In 1999 the first harvest of Casal de Armán came out with 5,000 bottles of a wine made with 100% native varieties. Now they have nine different labels from which some 225,000 bottles come out each harvest. They make white, red and even dare with a sweet wine that they obtain by pressing frozen grapes.
It took seven years of restoration to achieve what is now Casal de Armán. Then they invested in a high-quality restaurant project and Sábrego was born in 2016. And now they are preparing to a new betan expansion of the infrastructure with the construction of a new space, in the highest and buried part of the mountain, where a winery and a new place for banquets and ceremonies will be located.
Sábrego and Casal de Armán are the chance to eat and drink O Ribeiro.

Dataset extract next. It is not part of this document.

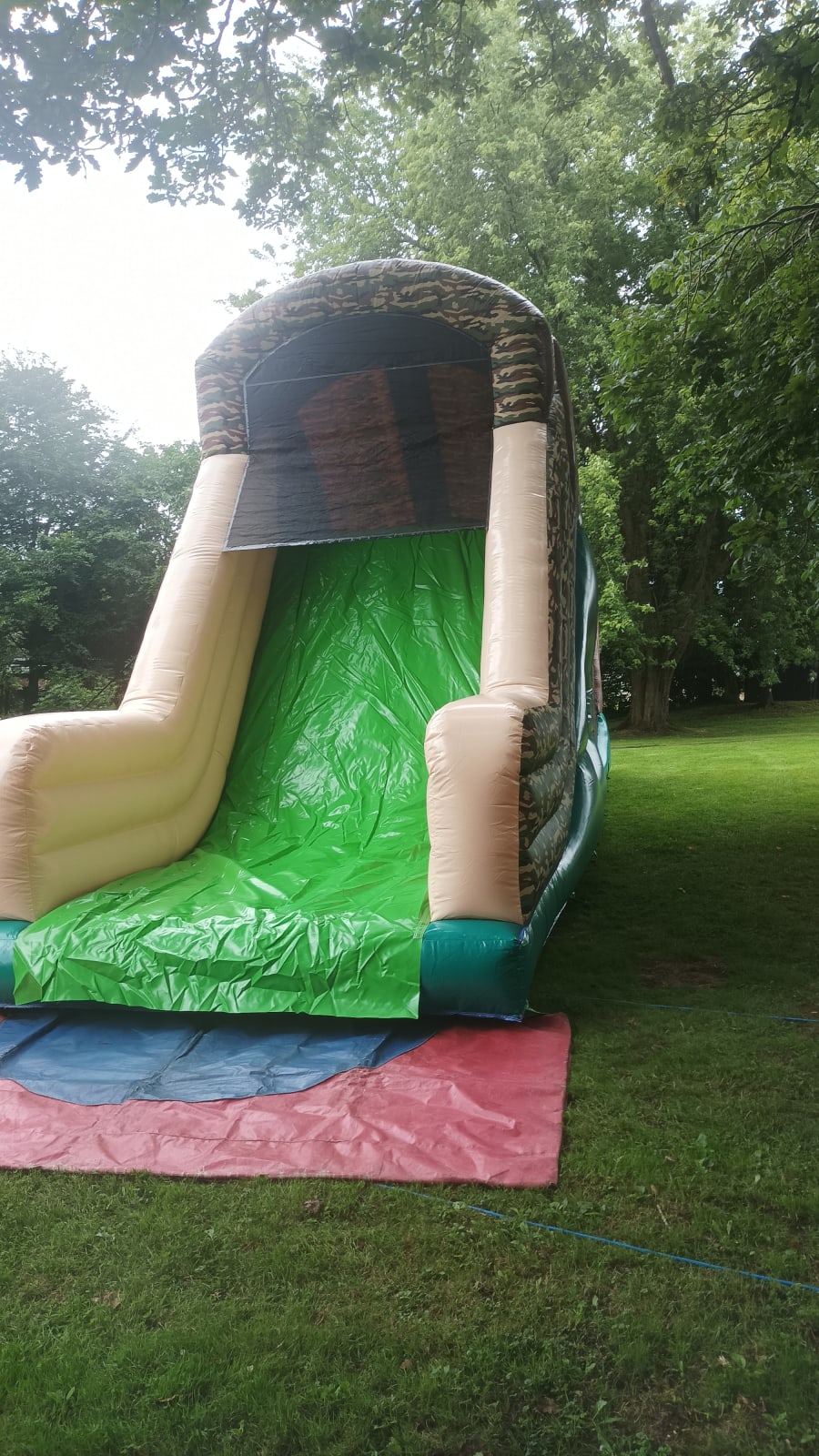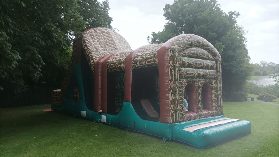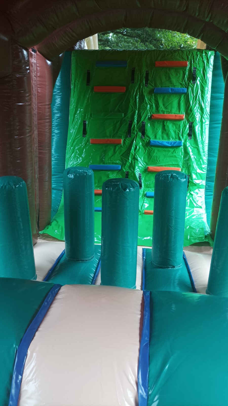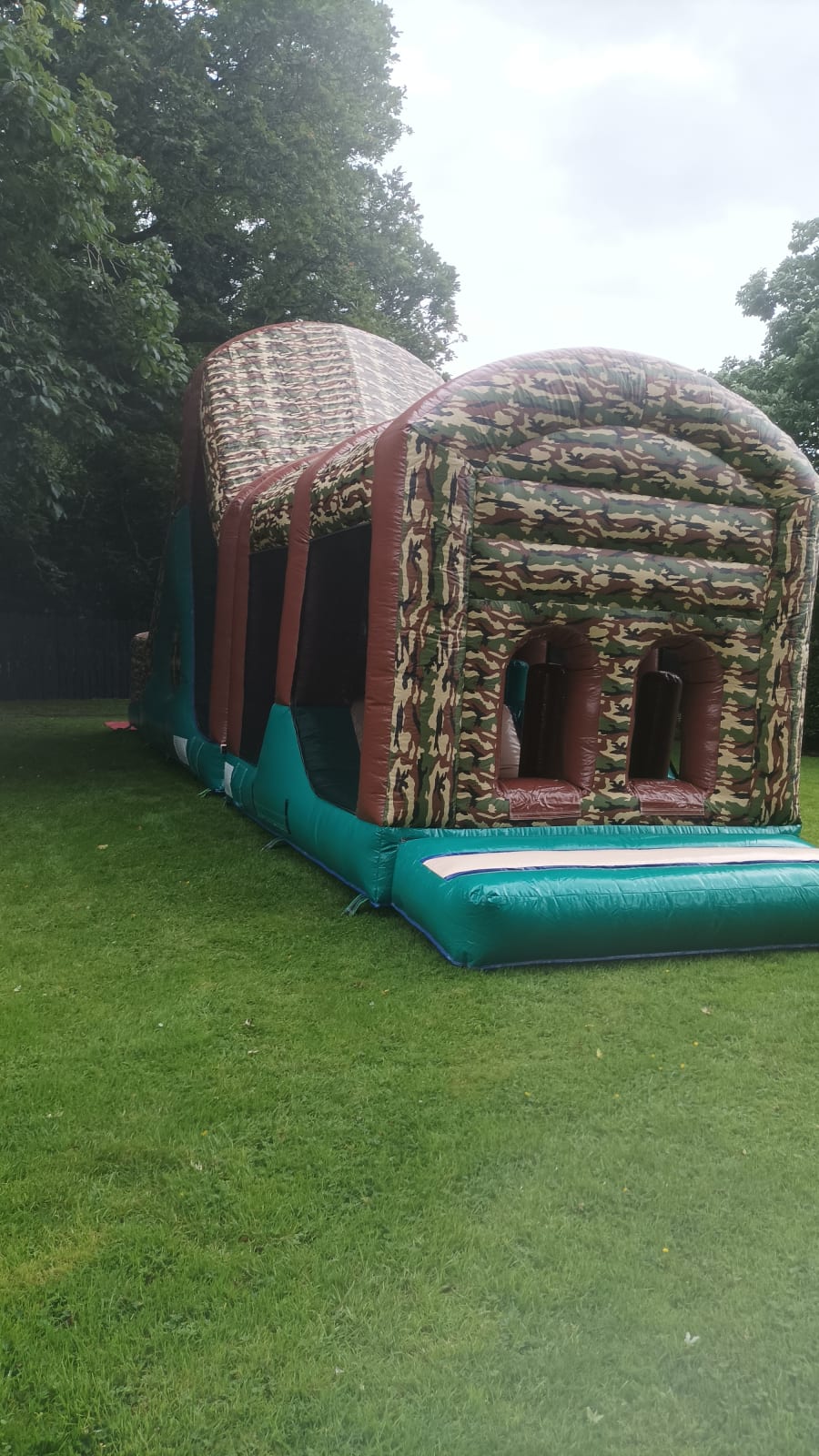 Our fantastic super size Army Boot Camp Obstacle Course is one for all the tough boys and girls . Enter the obstacle course through two openings on one end, weaving through a number of obstacles before taking on the climbing wall and sliding down the huge slide that brings you out the other end.

What to ask for: the best way to discover this restaurant is to delve into one of its two tasting menu proposals. It is the most complete and fun way to get to know everything that Sábrego can offer. In the menu, the best recommendation is to go for the seasonal product. They get away with the lamprey and the fried eel.
practical data
Where: Place of Camporredondo, 1, 32415, Ribadavia, Ourense.
Half price: €65.
Bookings: 988 49 18 09 and on their website.
Schedules: Closed Monday. Dinners only Friday and Saturday.